One of the primary uses of the CCB is that it provides a common time axis to visualize multiple time-series traces from individual cells representing diverse molecular activities. The center section of the CCB provides a heat-map representation of single-cell traces from the current experimental data and/or simulated output (Figure 1–2). To capture a single cell cycle, each cell’s trace is excised from the telophase event that generated that cell until its own telophase (Davis and Purvis, 2015). A separate panel, or track, is drawn for each selected image feature across all molecular species in a particular data source. A data source refers to an experimental dataset, which may contain multiple reporters and image features, or the current model simulation. Each track consists of a collapsible area showing each individual cell trace with value mapped to color (white: low, black: high). Color scaling, which performs unit-normalization on the time-series values, can be performed per track, or per trace. An average trace for each track is displayed above the single-cell traces. Average traces are generated by scaling the length of each individual trace to match the average length of all traces per track and then performing nearest-neighbor sampling for each sample point in the average. Traces can be aligned to the beginning (first telophase), the end (second telophase), or individually stretched to align each trace to the beginning and end of the cell cycle.

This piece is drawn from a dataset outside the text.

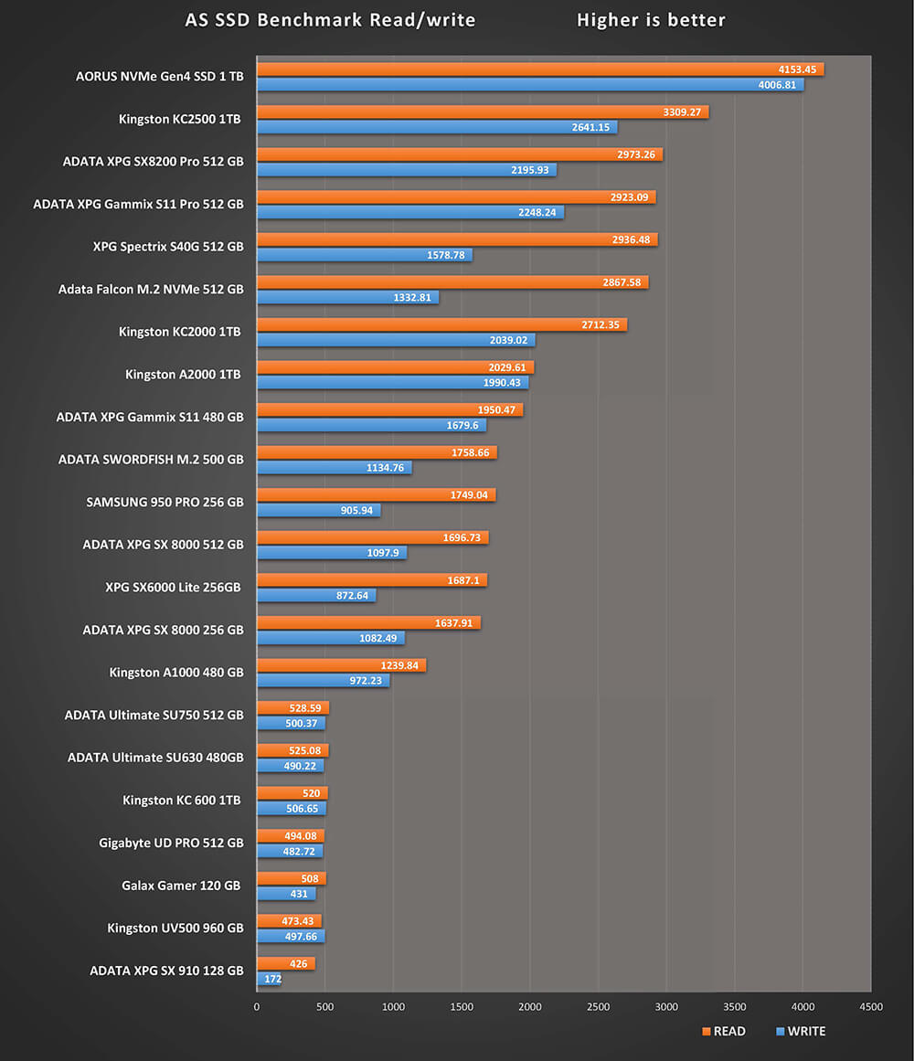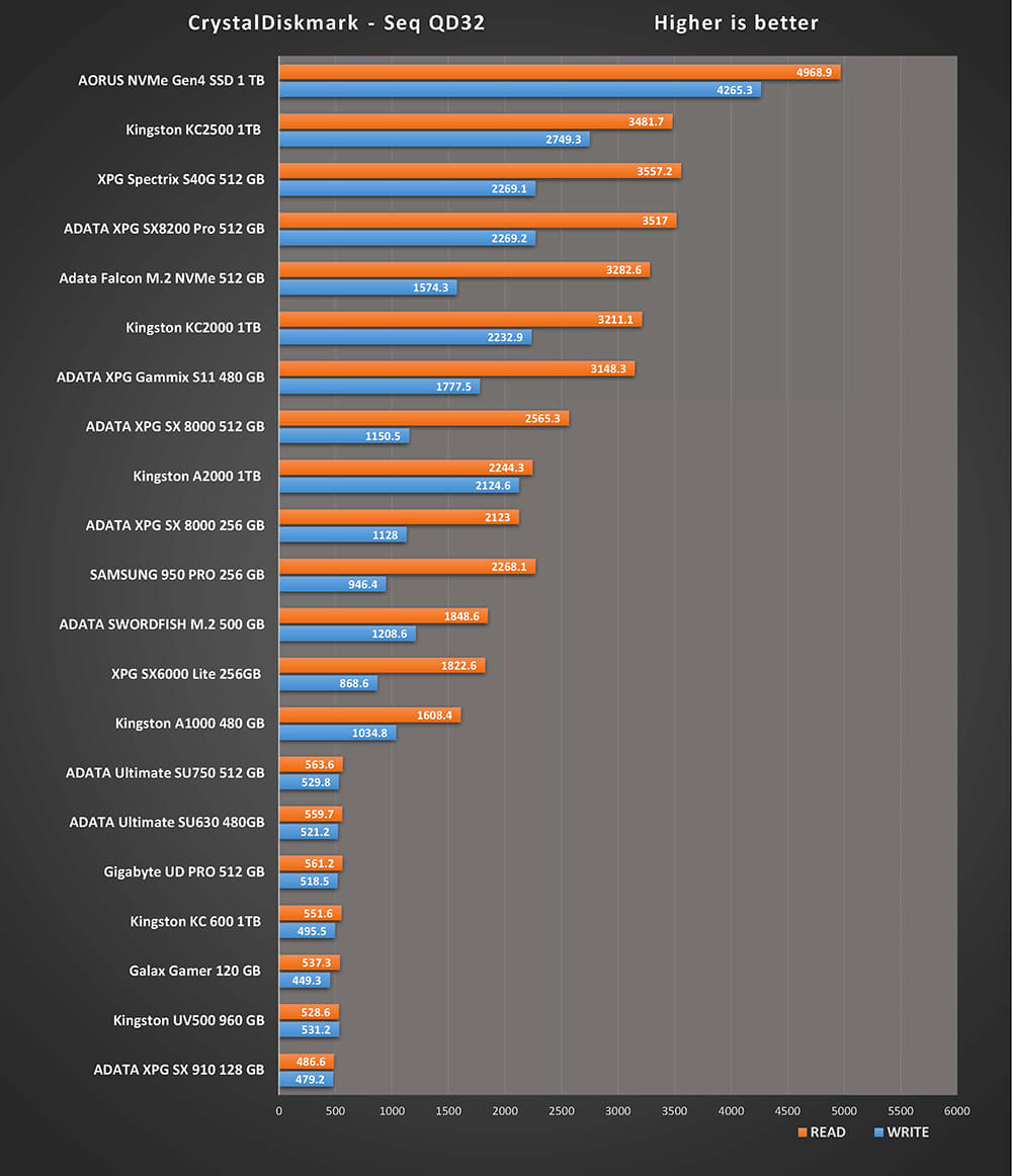 لأرقام تشير الى ان قرص التشغيل ADATA SWORDFISH يقدم أداء مقبول و يقع فى المنطقة المتوسطة بين محركات التشغيل الأخرى التى قمنا بأختبارها و سرعة القراءة تصل الى 1758 MB/s و الكتابة وصلت الى 1134 MB/s و هى ارقام مقبولة نوعا ما
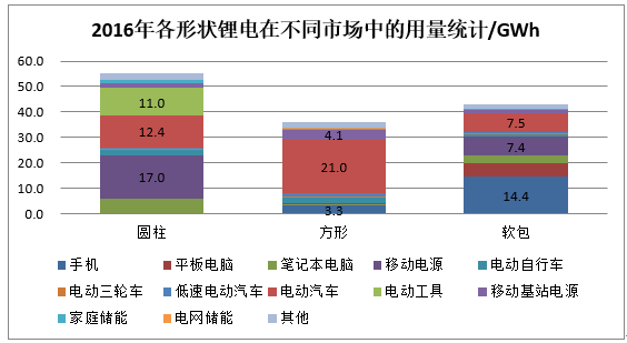 圓柱電池和軟包電池的使用情況相對要分散一些,第一位細(xì)分市場的占比不是那么突出,但也都在30%以上。2016年55.1GWh的圓柱電池總用量中,移動電源(充電寶)市場以17.0GWh占比30.8%排在第一位,電動汽車市場以12.4GWh占比22.5%排在第二位,電動工具市場以11.0GWh占比19.9%排在第三位(該市場使用的鋰離子電池全部是圓柱電池)。

The heat-map visualization facilitates differentiation of individual traces while still supporting analysis of different temporal patterns (Correll et al., 2012, Albers et al., 2014). Users can perform hierarchical clustering to automatically classify cells into different groups according to their single-cell dynamics. In addition to molecular activities, the CCB draws tracks showing the locations of individual cell cycle phases (G1, S, G2-M) both for the simulated data as well as for any datasets that contain phase information. Tracks can be sorted by type (i.e., data or phase), species, image feature, or data source. The user can also arrange tracks by dragging and dropping them individually. Buttons to the left of each trace control whether or not to show that trace in the time-series analysis plot, and colored icons in the track header indicate the color for that data source/track in any displayed Analysis Plots (described below).
Analysis Plots.
Three analysis plots are available to provide additional information about the experimental and simulated data (Figure 1–3). A time series plot shows each individual or average cell trace—selected using buttons in the data browser tracks—as a line plot. Two or more time series plots from the same source have the same base color, with different shades of that color for each track from the data source. These colors are also indicated by the color icons in each track; the data source color is used for the other analysis plots. Linked highlighting between traces in the time series plot and the data browser is provided. A growth curve plot shows fold change growth per day for each data source, based on the average length of the traces for that track. Flow cytometry plots (DNA synthesis on the y axis and DNA content on the x-axis) are simulated for each data source containing phase information. Each data point represents a simulated cell, with phase generated probabilistically based on the average phase lengths for that data source (Toettcher et al., 2009). Each cell is colored based on the local density of neighboring cells. Users can download analysis plots and the model visualization described in the next section in Scalable Vector Graphics (SVG) format.
Model Visualization.
The left section of the CCB contains a network visualization of the cell cycle model (Figure 1–4) as well as controls for adjusting the model and simulation parameters (Figure 1–5). In a model, each molecular activity is referred to as a species—a pool of entities that are assumed to be indistinguishable, located in the same cellular compartment, and involved in the same molecular reactions (Hucka et al., 2003). Each cell cycle model specifies: (1) the abundance of each species (e.g., activity of Cdk2; number of 53BP1 foci); (2) the influence of each species on each phase transition (e.g., influence of Cdk2 activity on the G1/S transition; inhibitory effect of 53BP1 damage foci on G2/M transition); and (3) the influence of each species on every other species for each phase (e.g., an increase in 53BP1 foci during G2 induces expression of p21).
In the network diagram, each species is represented as a circular node whose size is proportional to the species’ abundance (specifically, the fold change compared to the initial value specified in the model). A separate species diagram is drawn for each phase since interactions may vary throughout the cell cycle. Links between two species or between a species and a particular phase transition indicate the interaction between those entities, color-mapped from blue (inhibiting) through grey (no influence) to red (activating), with magnitude mapped to width. Selecting a particular phase in the visualization activates the control tabs for that phase in the interaction panels, described below.
Model Simulation and Perturbation.
A set of computational models describing cell cycle progression have been developed for different cell types and molecular activities. These models can be simulated under the default conditions or after adjusting model parameters. Simulation parameters can be adjusted using sliders that control: a) number of cells to simulate, b) species expression levels, c) species to phase interaction parameters, and d) species-to-species interaction parameters per phase. Interaction slider handles are colored to match the links in the network diagram visualization. Users can also upload or create their own SBML models.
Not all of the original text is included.